Dig deeper

Dig deeper

By
Brent Owens
Contains
0 recipes
Published by
Hardie Grant Books
ISBN
9781742709666
Photographer
Mark Roper

The other day I got tagged in a facebook photo. The photo was taken a couple of years ago and shows me wearing chef’s whites that belonged to a friend who works in catering. In the photo I look so incredibly happy – I think that’s the day that everyone, including me, realised just how much I love cooking.

I don’t think anyone in my family knew I could cook until Christmas last year, when I cooked lunch single-handed for the extended family – twenty-odd people. I did the whole spread and everyone was blown away.

Like most people, I first started cooking from necessity. I became independent at sixteen, so I had to learn to fend for myself. I remember being in year 10 and coming home from school to cook up some burgers for lunch. I’d sit down and watch television during lunch break, and often there happened to be a cooking show on. It was a gradual progression from there. I liked watching Jamie Oliver, then saw there was another show of his on a cable food channel, so I’d watch that. Then I’d get involved in the show that came after it and eventually I was in front of that food channel for hours every night. Then I’d go and try out something I’d seen on TV. I pretty much learned everything from these shows.

I’d always been a fan of MasterChef too, and often thought I’d like to give it a try. For two or three years I kept saying, ‘I’m going to do that one day.’ My family began to believe that I could do it too and started to encourage me, saying, ‘What’s the worst that could happen?’ My girlfriend, Madison, got sick of me talking about it so we made a pact to both audition for different reality shows. I filled in my application and it sat there for weeks. On the very last day for applications, I thought ‘What the hell!’ and pressed the send button.

I developed a lot through the MasterChef experience. Before the show, my cooking was very rustic – big spreads with a range of hearty dishes and huge portions. But it was quite rough and ready. Through my time on the show I learned how to be more intricate and delicate and how to make food look good on the plate. I still love making a big spread, but now it looks more like a show table! I believe the way you prepare and present food can change the result completely. If people are in love with the look of something they’re already engaged and, chances are, they’re going to love the flavour even more.

Seeing people enjoy the food I cook is huge for me. I have always loved entertaining for friends and I tend to go overboard. If someone only eats seafood, then I’ll put up four seafood dishes for them, not just one – I don’t like seeing people disappointed. I have a great memory of that Christmas Day last year, seeing everyone so impressed and enjoying the food. It was an amazing feeling.

I would describe my cooking as generous. I love everyone sharing dishes or preparing the components so each person can build their own taco or whatever. I also love the element of surprise – to put things in dishes that people wouldn’t really expect.
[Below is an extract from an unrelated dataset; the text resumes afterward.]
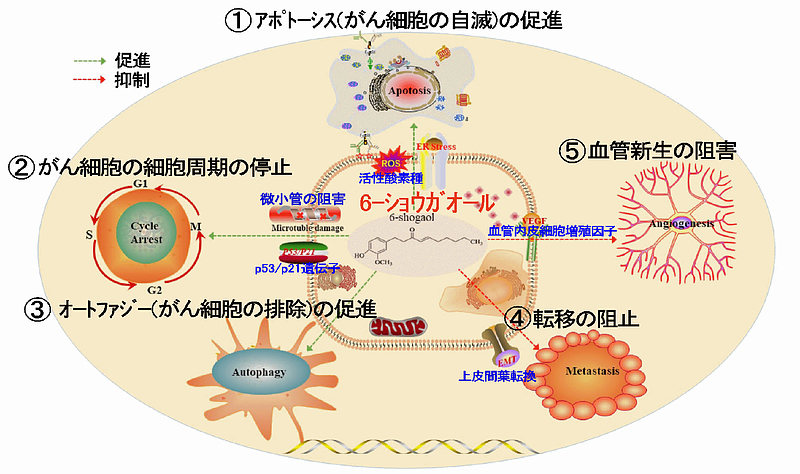 ショウガオールの抗がんメカニズムは、図に示すように、次の①~⑤のプロセスに関連しています。

Before MasterChef, because I was used to cooking Thai and Mexican food at home, I had already learned a little about balancing flavours, but through being on the show I learned a lot more about how to balance and rebalance. A lot of people think that if you follow a recipe and put everything in a pot and cook it, at the end the flavour will always be the same. But it’s not like that. You need to taste, taste, taste and, if something is out, you need to bring it back. All it takes is a little bit of knowledge and practice.
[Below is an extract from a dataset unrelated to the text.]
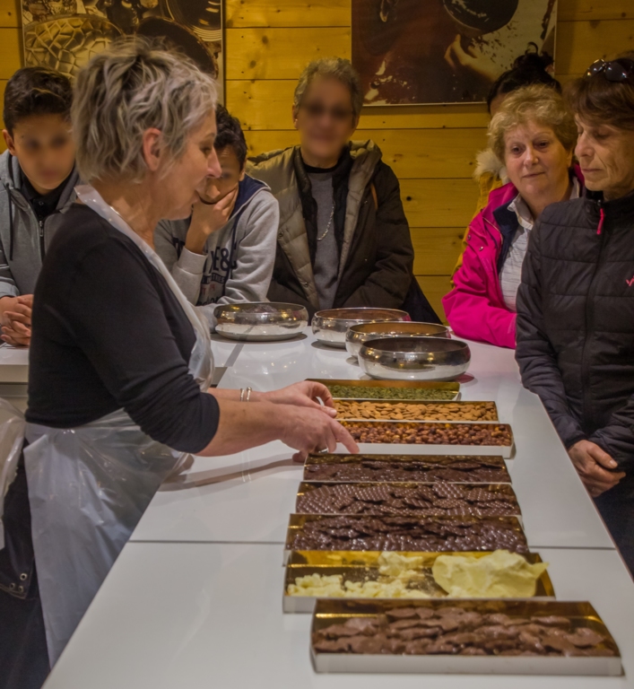 Transfert en voiture vers Larra pour passer un bon moment de l'après-midi dans la chocolaterie artisanale et familiale. Historique de l'établissement, démonstration de fabrication d'un bonbon chocolat à la liqueur, dégustations, achats.

I am way more experimental and creative since MasterChef. I invent new dishes and reinvent classics. I think about different tastes – about acidity, bitterness, sweetness and saltiness – in everything I do. I also try to incorporate contrasts of texture and flavour, as well as colour and shape. I play with ingredients and try to do something a little bit unexpected – like working out creative ways to use simple ingredients like barley, or getting a cauliflower and thinking of five different ways I can use it in the same dish.

But because I’ve eaten a lot of fine food since winning MasterChef, I've started to crave what I love best – hearty home-cooked dishes. This is my favourite kind of food, as it triggers memories for me. It’s what I ate while growing up and what I first fell in love with.
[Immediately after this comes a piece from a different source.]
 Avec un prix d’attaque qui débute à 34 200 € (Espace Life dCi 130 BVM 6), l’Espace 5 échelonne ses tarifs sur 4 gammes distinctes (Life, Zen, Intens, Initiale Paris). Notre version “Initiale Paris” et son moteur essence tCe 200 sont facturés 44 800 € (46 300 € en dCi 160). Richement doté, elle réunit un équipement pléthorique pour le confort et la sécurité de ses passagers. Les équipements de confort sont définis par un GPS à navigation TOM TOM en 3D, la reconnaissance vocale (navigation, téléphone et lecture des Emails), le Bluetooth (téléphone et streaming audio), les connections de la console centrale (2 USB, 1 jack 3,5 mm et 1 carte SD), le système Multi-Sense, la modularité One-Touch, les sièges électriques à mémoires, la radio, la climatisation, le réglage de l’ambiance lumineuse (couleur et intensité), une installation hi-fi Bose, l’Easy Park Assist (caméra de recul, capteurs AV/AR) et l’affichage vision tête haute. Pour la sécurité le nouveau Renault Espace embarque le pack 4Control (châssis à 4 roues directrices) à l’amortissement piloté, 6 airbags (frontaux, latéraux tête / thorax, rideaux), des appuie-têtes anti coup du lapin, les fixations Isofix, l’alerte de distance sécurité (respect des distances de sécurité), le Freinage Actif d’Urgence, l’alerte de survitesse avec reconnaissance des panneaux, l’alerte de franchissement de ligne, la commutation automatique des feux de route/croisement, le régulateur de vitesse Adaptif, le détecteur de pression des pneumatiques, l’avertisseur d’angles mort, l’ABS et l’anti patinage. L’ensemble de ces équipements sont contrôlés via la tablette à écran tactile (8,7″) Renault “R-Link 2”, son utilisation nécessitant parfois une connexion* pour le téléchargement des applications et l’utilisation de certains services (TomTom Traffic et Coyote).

In this book I have included many classic recipes that I make all the time, which I have reinvented or added a bit of a twist to. They’re hearty dishes, usually with robust, memorable flavours. Although there are also some more sophisticated dishes in the book, I believe these are achievable by any home cook. Just give everything a go – making your own pastry, pizza dough, curry pastes, pickles, sauces and smoking food. It’s not that hard and each time you do it, it gets easier. It’s so worth it, as the satisfaction you get from doing it yourself and seeing people enjoy it, is just awesome.